Did you ever notice how in the grocery store checkout line tabloids are always put at just the right height for children to see them? Adults have to look down to see a tabloid, and may not notice if they’re distracted unloading their cart. Children, however, can’t help but read the headlines of tabloids. Looking back on my own childhood, it seems like every time I had to wait in line at the grocery store I was eye-level with your glossy face. I would read the headline each time, and it was always some version of your mother killing you, your father killing you, a stranger killing you. I was eight at the time, and until then had not been fully aware of the fact that children died, and that adults were often to blame.

In 1996 and 1997 my world was changing at a faster rate than I was comfortable, and I found myself perpetually anxious. My aunt got a divorce, and moved in next door to us with my two cousins. My parents took me out of school because of my seemingly precarious health, and schooled me at home. I spent a lot of time by myself. I had an overactive imagination that often turned toxic. I saw rows and rows of your face in the checkout line every week. I was learning about the fragility of the lives we create, and the lives our parents make for us, but I didn’t have the words for it at the time.
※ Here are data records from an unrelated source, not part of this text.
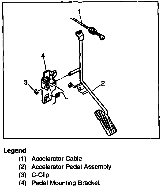 The accelerator control system is cable-operated. When the accelerator pedal is depressed, the cable pulls the throttle lever open (increasing the throttle plate opening). When the accelerator pedal is released, the throttle lever spring pressure returns the throttle lever to the idle position (decreasing the throttle plate opening).
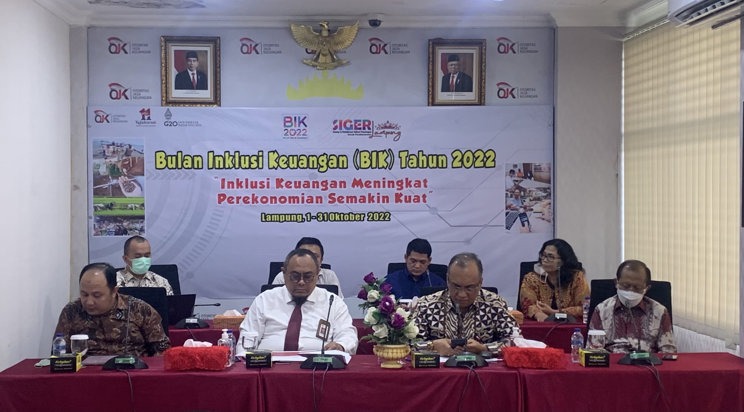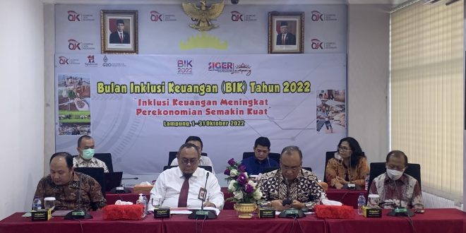 Bandar Lampung (Sundalanews.com) – Otoritas Jasa Keungan (OJK) Provinsi Lampung menggelar Bulan Inklusi Keuangan (BIK) tahun 2022, mengangkat tema “Inklusi Keuangan Meningkat Perekonomian Semakin Kuat” yang berlangsung mulai tanggal 1-31 Oktober 2022.
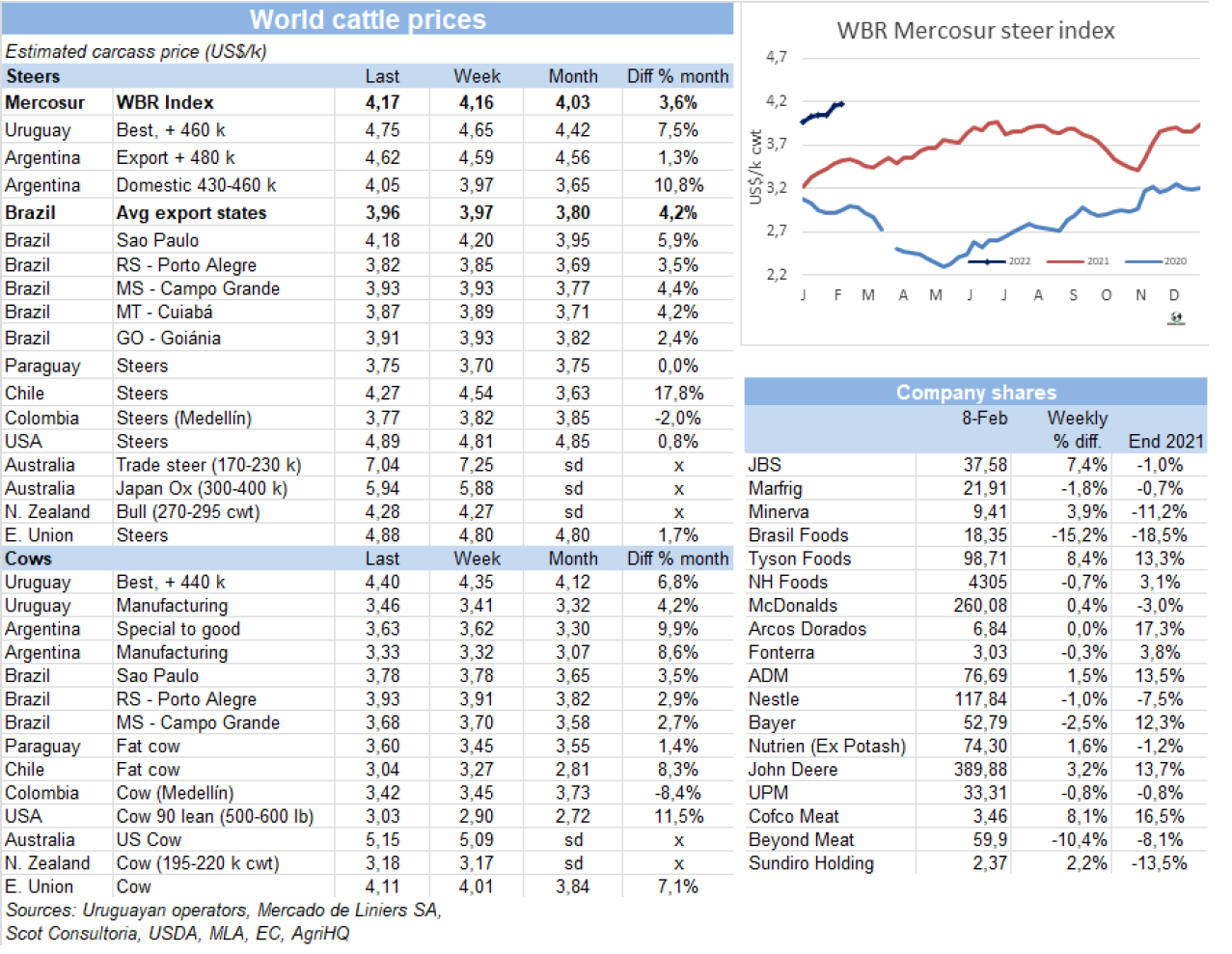 本周南方共同市場閹牛價格指數(shù)上漲了1美分至4.17美元/公斤。不同國家參考價均保持穩(wěn)定,盡管巴西方面育肥牛價格有輕微下調(diào),下跌了1美分至3.96美元/公斤。其他三個國家牛家均為上漲趨勢,烏拉圭牛價目前是南美最高,本周上漲了10美分,達(dá)4.75美元/公斤的新紀(jì)錄。阿根廷出口閹牛價格上漲3美分至4.62美元/公斤,含出口稅。巴拉圭方面供應(yīng)減少,待宰公牛價格上漲了5美分至3.75美元/公斤。

Do you think it’s creepy that I’m writing to you? I know about the man who wrote poems about you and built a shrine for you in his home. Some people thought he murdered you. I know about John Mark Karr, and how he claims to have been with you the night you died. DNA proved, then disproved, that he murdered you. But the day after Christmas, 1996 these men were already men, and I was a little boy who didn’t understand why someone wanted you dead. I suppose I’m writing to you now because I’ve been thinking about how much the world has changed since then, but you and your murder continue to exist outside the confines of time.
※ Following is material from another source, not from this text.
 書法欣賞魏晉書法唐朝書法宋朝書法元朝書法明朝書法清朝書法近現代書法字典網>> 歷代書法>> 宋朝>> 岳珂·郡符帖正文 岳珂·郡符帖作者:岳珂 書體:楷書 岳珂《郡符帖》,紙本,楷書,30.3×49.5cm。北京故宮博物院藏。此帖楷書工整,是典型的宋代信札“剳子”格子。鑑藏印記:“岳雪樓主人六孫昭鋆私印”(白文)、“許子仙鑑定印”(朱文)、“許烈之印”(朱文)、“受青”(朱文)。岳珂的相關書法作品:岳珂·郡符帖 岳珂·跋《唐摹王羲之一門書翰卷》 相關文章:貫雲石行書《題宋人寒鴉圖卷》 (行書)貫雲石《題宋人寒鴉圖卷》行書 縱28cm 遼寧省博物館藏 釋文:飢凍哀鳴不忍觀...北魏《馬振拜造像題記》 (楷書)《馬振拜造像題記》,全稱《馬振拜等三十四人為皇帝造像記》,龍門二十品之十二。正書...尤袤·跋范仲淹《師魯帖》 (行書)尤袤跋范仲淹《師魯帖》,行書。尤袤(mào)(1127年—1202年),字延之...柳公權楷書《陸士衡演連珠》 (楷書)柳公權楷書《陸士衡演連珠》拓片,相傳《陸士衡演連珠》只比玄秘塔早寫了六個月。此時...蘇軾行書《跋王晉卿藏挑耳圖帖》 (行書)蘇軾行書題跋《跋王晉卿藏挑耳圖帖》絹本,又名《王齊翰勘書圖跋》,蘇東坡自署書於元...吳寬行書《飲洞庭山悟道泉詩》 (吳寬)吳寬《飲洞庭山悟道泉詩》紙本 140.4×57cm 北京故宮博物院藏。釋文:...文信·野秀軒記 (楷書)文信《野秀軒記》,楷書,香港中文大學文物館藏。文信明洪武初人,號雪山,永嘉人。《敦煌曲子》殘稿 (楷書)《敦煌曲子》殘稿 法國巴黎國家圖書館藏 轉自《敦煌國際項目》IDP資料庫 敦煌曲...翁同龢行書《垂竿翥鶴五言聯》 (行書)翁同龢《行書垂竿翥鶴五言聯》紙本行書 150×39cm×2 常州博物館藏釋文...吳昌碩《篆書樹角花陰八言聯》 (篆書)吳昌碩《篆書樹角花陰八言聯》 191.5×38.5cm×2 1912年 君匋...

We are both supposed to be adults now, and I am not supposed to know who you are. Your pageant videos should only be home movies for your family, and strangers should not be leaving flowers outside the home where you once lived.

I suppose too that I wanted to write this letter because I still think about a conversation between my parents I overheard one night shortly after your murder. They were watching your parents on the news, and your mother was telling the country to keep their babies close. I loved listening to grownups talk. Did you? Everything they said seemed interesting. That night I sat on the stairs and listened to my parents talk about whether or not they would cover up for each other if one of them murdered me. My mother said she wouldn’t, my father said he would.  They talked about it like they were deciding what to have for dinner that night. They spoke so matter of fact that my already anxious brain kicked into overdrive, wondering if I needed to worry about my parents murdering me. It’s more of joke now in my family that the thought even crossed my mind, but in the last days of 1996 it felt as though all bets were off.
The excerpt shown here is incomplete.